- [Required action]: Print the records below exactly as they appear. Omit all pictures.

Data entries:
+===+

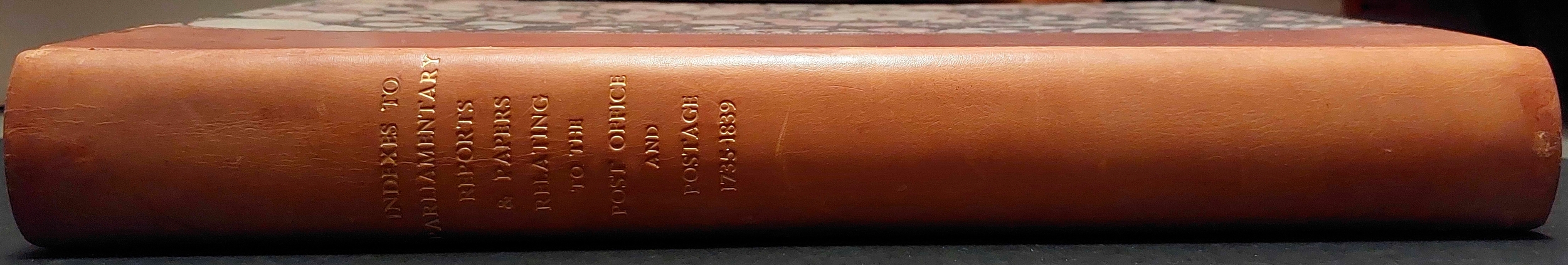INDEXES TO PARLIAMENTARY REPORTS & PAPERS RELATING TO THE POST OFFICE 1735-1839: Leather-bound in one volume. Published in 1840 as a direct result of the 1838 Select Committee on Postage, in order to fix the difficulties they had in referring to multiple lengthy reports and scattered papers. Cross Reference: GREAT BRITAIN
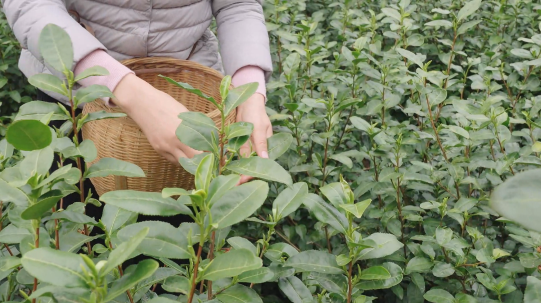 3月3日上午, 2025年頭茬春茶在金庭鎮(zhèn)東風村崗竹山自然村開采,茶農(nóng)們挎著小竹簍,雙手嫻熟地將嫩芽采入筐中。
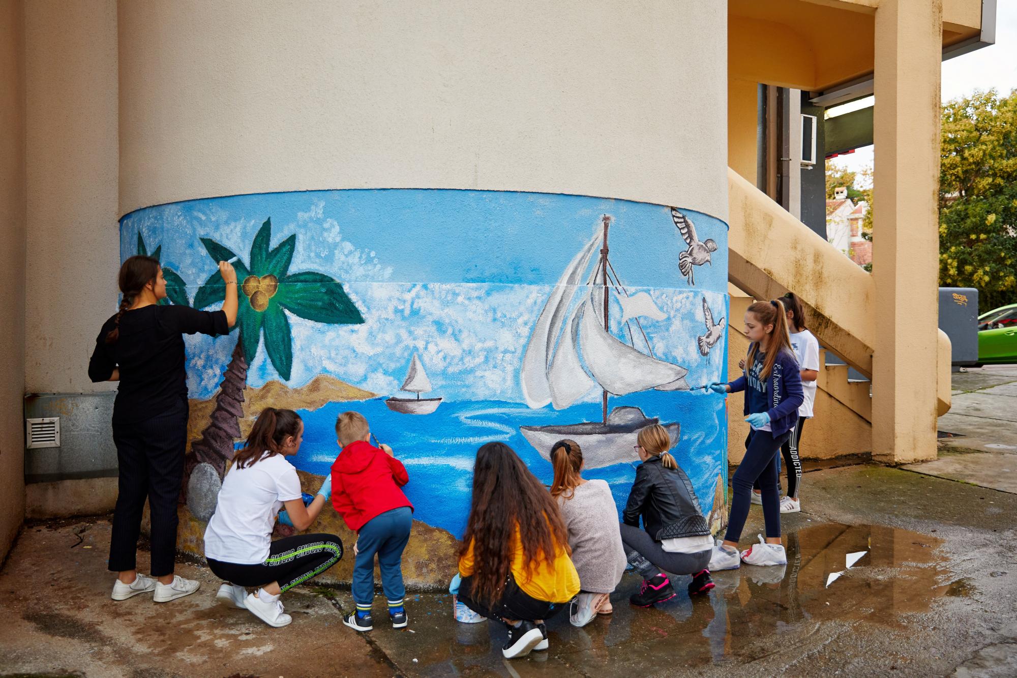 Članovi Dječjeg saveza Tivat u sklopu kreativno likovne radionice oslikali su zid u Ulici Luke Tomanovića u centru grada, s motivima primorskog pejzaža - projekt je realiziran pod mentorstvom akademskog slikara Zorana Krute i profesorice likovne kulture Milice Krivokapić, a financiran od strane Porto Montenegra.
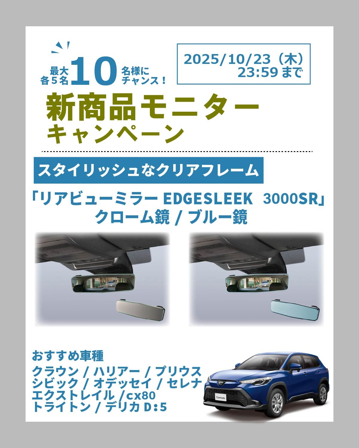 リアビューミラーEDGE SLEEK 3000SR クローム鏡(DZ610)とブルー鏡(DZ611)を2025年9月30日に発売いたしました。
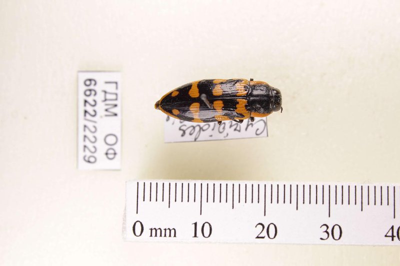 Сухое насекомое. Златка. Cyrioides imperialis (Fabricius, 1801). Классификация: Членистоногие Arthropoda, Насекомые Insecta, Жуки Coleoptera, Златки Buprestidae
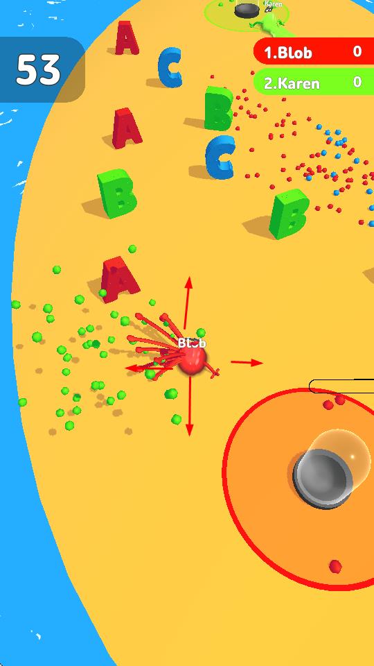 2、操控角色在場(chǎng)景中移動(dòng),收集散落的彩色顆粒與字母道具,同時(shí)與其他玩家競(jìng)爭(zhēng),積累分?jǐn)?shù)。
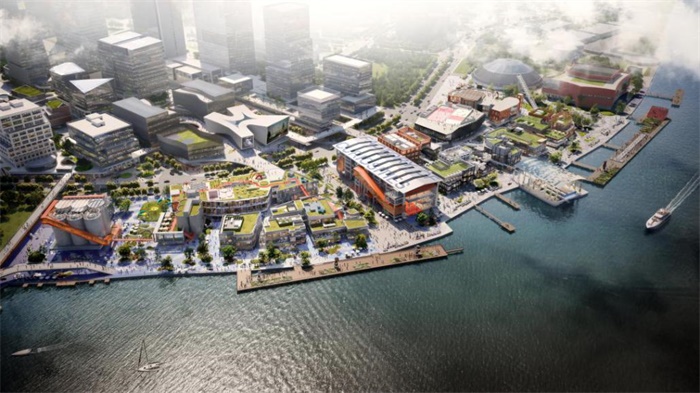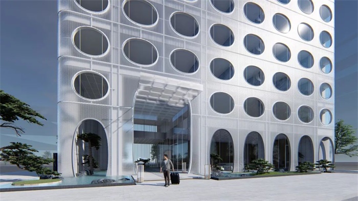 SOM的设计在建筑北立面打造出闪烁的光影效果,形成一个“站立的西湖”。宏大的北立面唤起人们对西湖天然之美的体验,也很好地衔接了毗邻的公园和市政建
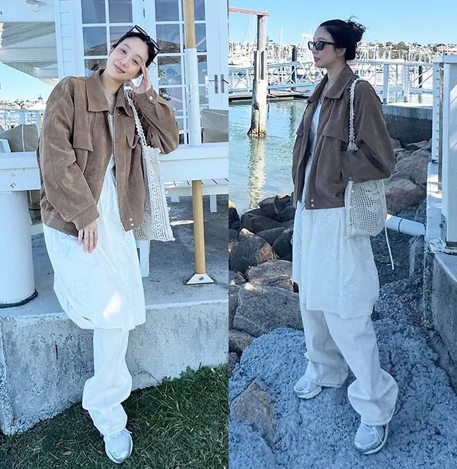 공개한 사진에서 정려원은 화이트 원피스에 루즈한 팬츠를 레이어드하고 브라운 스웨이드 재킷을 걸친 보헤미안룩으로 빈티지하면서도 내추럴한 분위기를 선보였다.
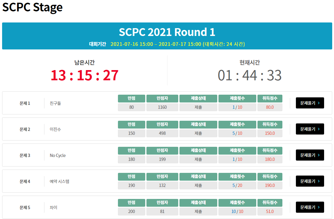 SCPC 2021 Round 1에 참가하였다.
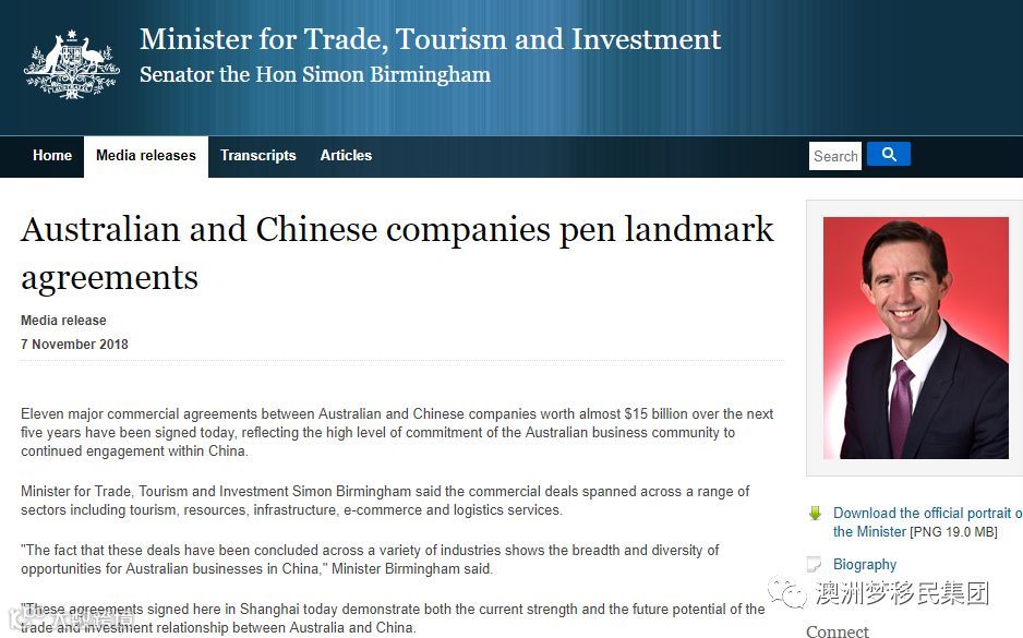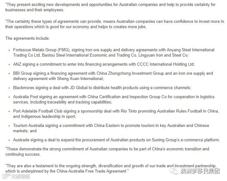“今天在上海签署的这些协议展示了澳大利亚与中国之间贸易和投资关系的当前优势和未来潜力。”
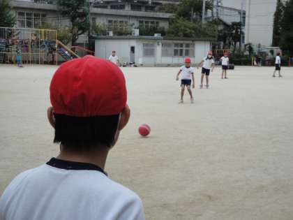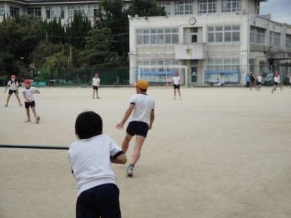 球技クラブの活動の様子です。キックベースを楽しみました。
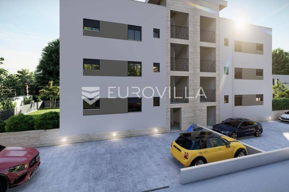 Kaštela Lukšić novogradnja trosoban stan na 1. katu od 77,74 m2 i vanjskim parkingom za automobil.Sastoji se od: komfornog dnevnoga boravka otvorenog tipa s kuhinjom i blagovaonicom tri spavaće sobe (jedna master soba i dvije manje jednokrevetne), dvije kupaonice, hodnika te prostrane logge naslonjenog na stan s južne strane.Zatvorena stambena površina 69,95 m2, dnevni boravak s blagovaonom i kuhinjom 27,66 m2, tri spavaće sobe, te logge od 7,8 m2 spojena na dnevni boravak na jugu. Ukupna neto obračunska površina stana od 73,85 m2.Uz stan obvezna kupnja jednog vanjskog nenatkrivenog mjesta po cijeni od 8.500 EUR.Visoko kvalitetna izrada i korištena oprema, energetska učinkovitost zadovoljava visoke standarde.Sve prostorije su klimatizirane, podno grijanje u kupaonicama, PVC vanjski zatvori s troslojnim staklima, podizno klizna stijenka na balkonima, električne rolete u cijelom stanu, termo fasada na objektu, protuprovalna i protupožarna ulazna vrata.Predviđeni završetak radova 12/2025.g.Pozicioniran u centru mjesta na nekoliko stotina metara od mora,Grad Kaštela smješten između grada Splita i Trogira te je jedno je od najboljih područja za život isto tako za godišnji odmor. Brojne plaže i duga šetnica s brojnim ugostiteljskim sadržajima, Zračna luka Split udaljena svega 5 km, dvije marine za brodove i izvrsna pristupačna brza cesta Kaštela čine izvrsnom mjestom za život.Za sve dodatne informacije stojim vam na raspolaganju.
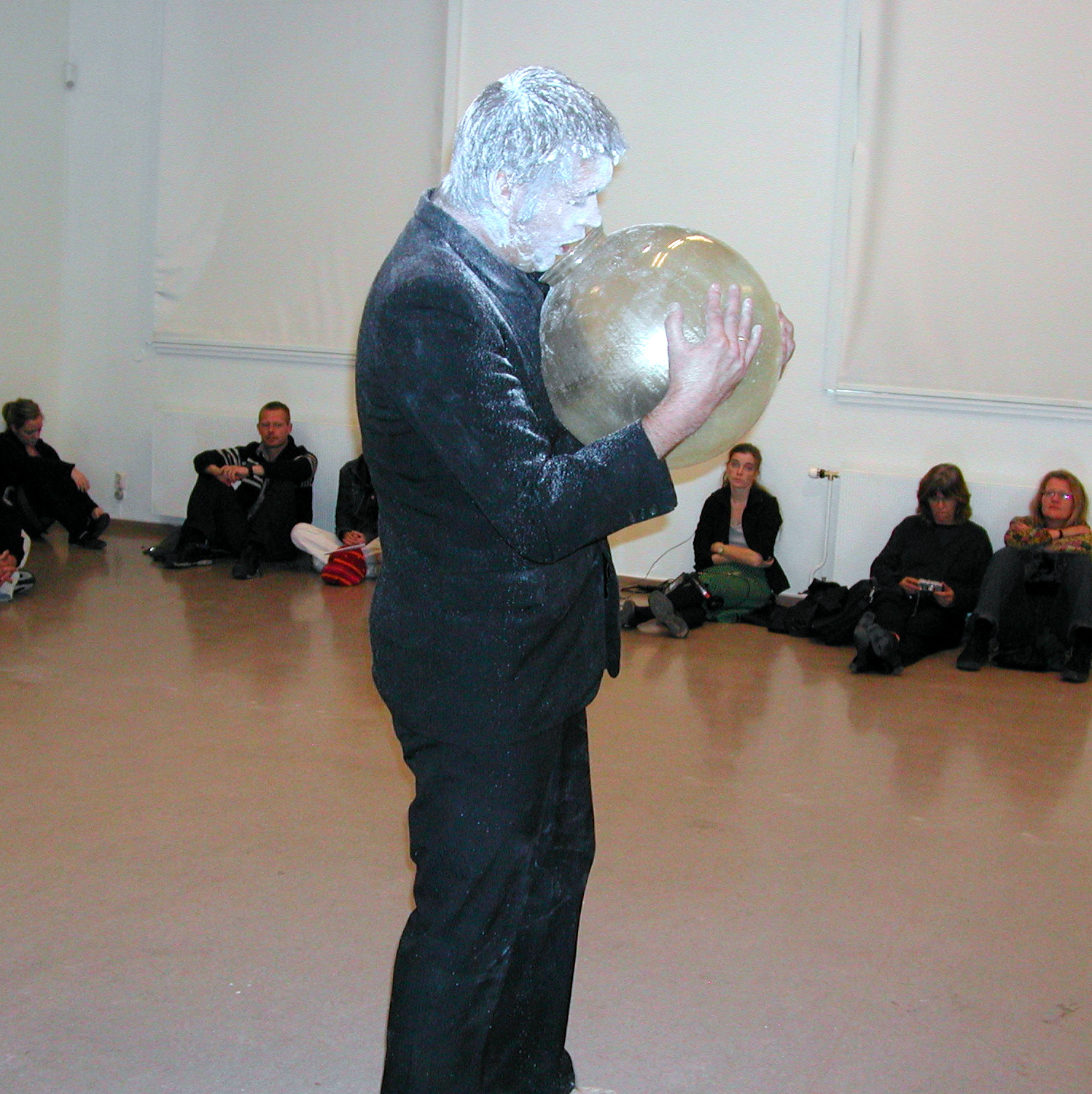 Photo from the performance of Fifht Speech during Kunstbanken's performance festival 12.10.2003.
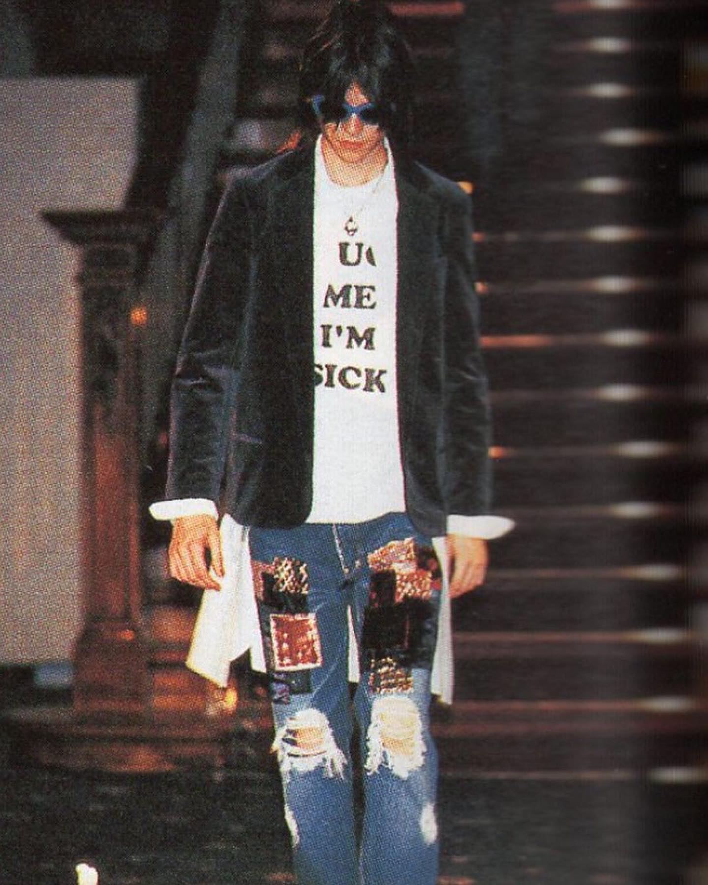 这个系列诞生于宫下贵裕深入研究了 Kurt Cobain 的衣橱和精神状态的背景,但不是简单的款式模仿,而是将垃圾摇滚的粗粝与日式设计精细剪裁和概念化叙事相结合。回顾这个系列的秀场,T 台上充斥着 Kurt Cobain 的符号:不同的图案印花,以及散落在服装上的语录和对 Nirvana 歌曲的微妙暗示。
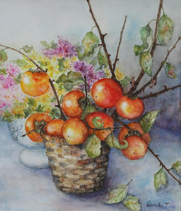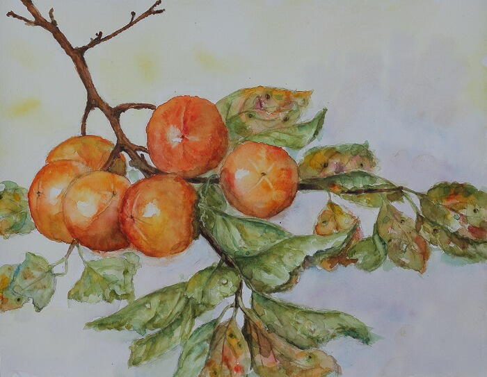 | 柿の実の表現は合格だと思います。みずみずしい美味しそうな柿ですね。背景の処理がいまいち。(掲載H28.4.29) |
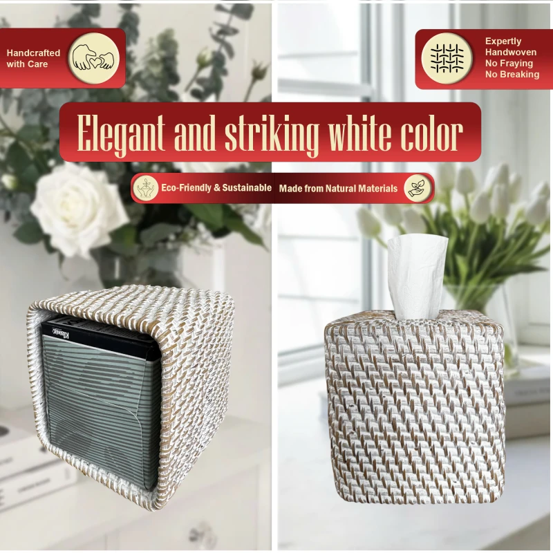 - Eco-Friendly Craft with a Human Touch: Made from natural materials like rattan, bamboo, each wooden tissue box cover or bamboo tissue box cover helps reduce plastic use in your home. Behind every wood tissue box cover is the story of artisans who carefully harvest bamboo and rattan by hand — a process that can cause painful scratches and cuts on their skin. Yet, they continue with dedication, passing down their skills from generation to generation. Choosing this rattan box or pairing it with a rattan toilet paper holder means you're not just organizing with elegance, but also supporting eco-conscious craftsmanship and honoring those who shape beauty with care.
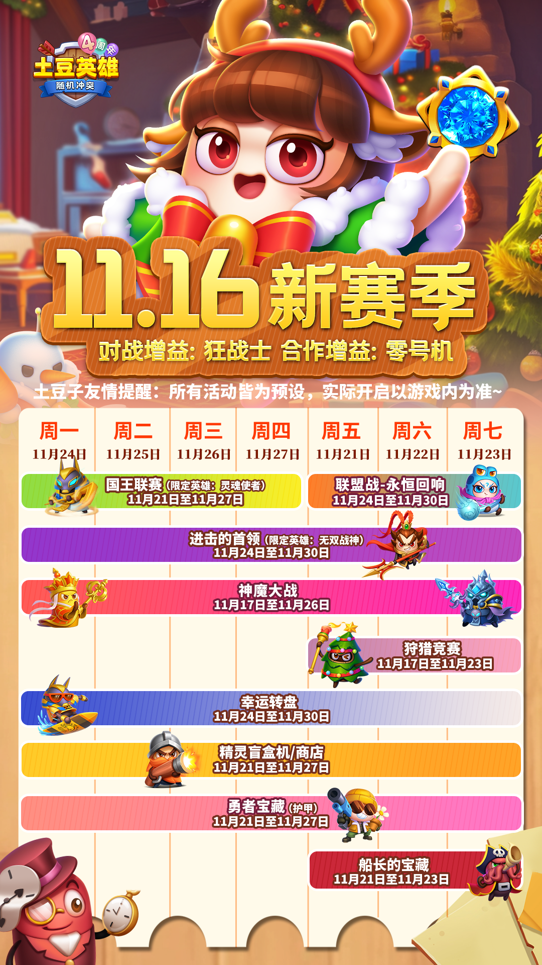 11月下旬赛季的对战增益英雄为:狂战士,合作增益英雄为:零号机

+===+

- [Solution]:
INDEXES TO PARLIAMENTARY REPORTS & PAPERS RELATING TO THE POST OFFICE 1735-1839: Leather-bound in one volume. Published in 1840 as a direct result of the 1838 Select Committee on Postage, in order to fix the difficulties they had in referring to multiple lengthy reports and scattered papers. Cross Reference: GREAT BRITAIN
 3月3日上午, 2025年頭茬春茶在金庭鎮(zhèn)東風村崗竹山自然村開采,茶農(nóng)們挎著小竹簍,雙手嫻熟地將嫩芽采入筐中。
 Članovi Dječjeg saveza Tivat u sklopu kreativno likovne radionice oslikali su zid u Ulici Luke Tomanovića u centru grada, s motivima primorskog pejzaža - projekt je realiziran pod mentorstvom akademskog slikara Zorana Krute i profesorice likovne kulture Milice Krivokapić, a financiran od strane Porto Montenegra.
 リアビューミラーEDGE SLEEK 3000SR クローム鏡(DZ610)とブルー鏡(DZ611)を2025年9月30日に発売いたしました。
 Сухое насекомое. Златка. Cyrioides imperialis (Fabricius, 1801). Классификация: Членистоногие Arthropoda, Насекомые Insecta, Жуки Coleoptera, Златки Buprestidae
 2、操控角色在場(chǎng)景中移動(dòng),收集散落的彩色顆粒與字母道具,同時(shí)與其他玩家競(jìng)爭(zhēng),積累分?jǐn)?shù)。
 SOM的设计在建筑北立面打造出闪烁的光影效果,形成一个“站立的西湖”。宏大的北立面唤起人们对西湖天然之美的体验,也很好地衔接了毗邻的公园和市政建
 공개한 사진에서 정려원은 화이트 원피스에 루즈한 팬츠를 레이어드하고 브라운 스웨이드 재킷을 걸친 보헤미안룩으로 빈티지하면서도 내추럴한 분위기를 선보였다.
 SCPC 2021 Round 1에 참가하였다.
“今天在上海签署的这些协议展示了澳大利亚与中国之间贸易和投资关系的当前优势和未来潜力。”
 球技クラブの活動の様子です。キックベースを楽しみました。
 Kaštela Lukšić novogradnja trosoban stan na 1. katu od 77,74 m2 i vanjskim parkingom za automobil.Sastoji se od: komfornog dnevnoga boravka otvorenog tipa s kuhinjom i blagovaonicom tri spavaće sobe (jedna master soba i dvije manje jednokrevetne), dvije kupaonice, hodnika te prostrane logge naslonjenog na stan s južne strane.Zatvorena stambena površina 69,95 m2, dnevni boravak s blagovaonom i kuhinjom 27,66 m2, tri spavaće sobe, te logge od 7,8 m2 spojena na dnevni boravak na jugu. Ukupna neto obračunska površina stana od 73,85 m2.Uz stan obvezna kupnja jednog vanjskog nenatkrivenog mjesta po cijeni od 8.500 EUR.Visoko kvalitetna izrada i korištena oprema, energetska učinkovitost zadovoljava visoke standarde.Sve prostorije su klimatizirane, podno grijanje u kupaonicama, PVC vanjski zatvori s troslojnim staklima, podizno klizna stijenka na balkonima, električne rolete u cijelom stanu, termo fasada na objektu, protuprovalna i protupožarna ulazna vrata.Predviđeni završetak radova 12/2025.g.Pozicioniran u centru mjesta na nekoliko stotina metara od mora,Grad Kaštela smješten između grada Splita i Trogira te je jedno je od najboljih područja za život isto tako za godišnji odmor. Brojne plaže i duga šetnica s brojnim ugostiteljskim sadržajima, Zračna luka Split udaljena svega 5 km, dvije marine za brodove i izvrsna pristupačna brza cesta Kaštela čine izvrsnom mjestom za život.Za sve dodatne informacije stojim vam na raspolaganju.
 Photo from the performance of Fifht Speech during Kunstbanken's performance festival 12.10.2003.
 这个系列诞生于宫下贵裕深入研究了 Kurt Cobain 的衣橱和精神状态的背景,但不是简单的款式模仿,而是将垃圾摇滚的粗粝与日式设计精细剪裁和概念化叙事相结合。回顾这个系列的秀场,T 台上充斥着 Kurt Cobain 的符号:不同的图案印花,以及散落在服装上的语录和对 Nirvana 歌曲的微妙暗示。
 | 柿の実の表現は合格だと思います。みずみずしい美味しそうな柿ですね。背景の処理がいまいち。(掲載H28.4.29) |
 - Eco-Friendly Craft with a Human Touch: Made from natural materials like rattan, bamboo, each wooden tissue box cover or bamboo tissue box cover helps reduce plastic use in your home. Behind every wood tissue box cover is the story of artisans who carefully harvest bamboo and rattan by hand — a process that can cause painful scratches and cuts on their skin. Yet, they continue with dedication, passing down their skills from generation to generation. Choosing this rattan box or pairing it with a rattan toilet paper holder means you're not just organizing with elegance, but also supporting eco-conscious craftsmanship and honoring those who shape beauty with care.
 11月下旬赛季的对战增益英雄为:狂战士,合作增益英雄为:零号机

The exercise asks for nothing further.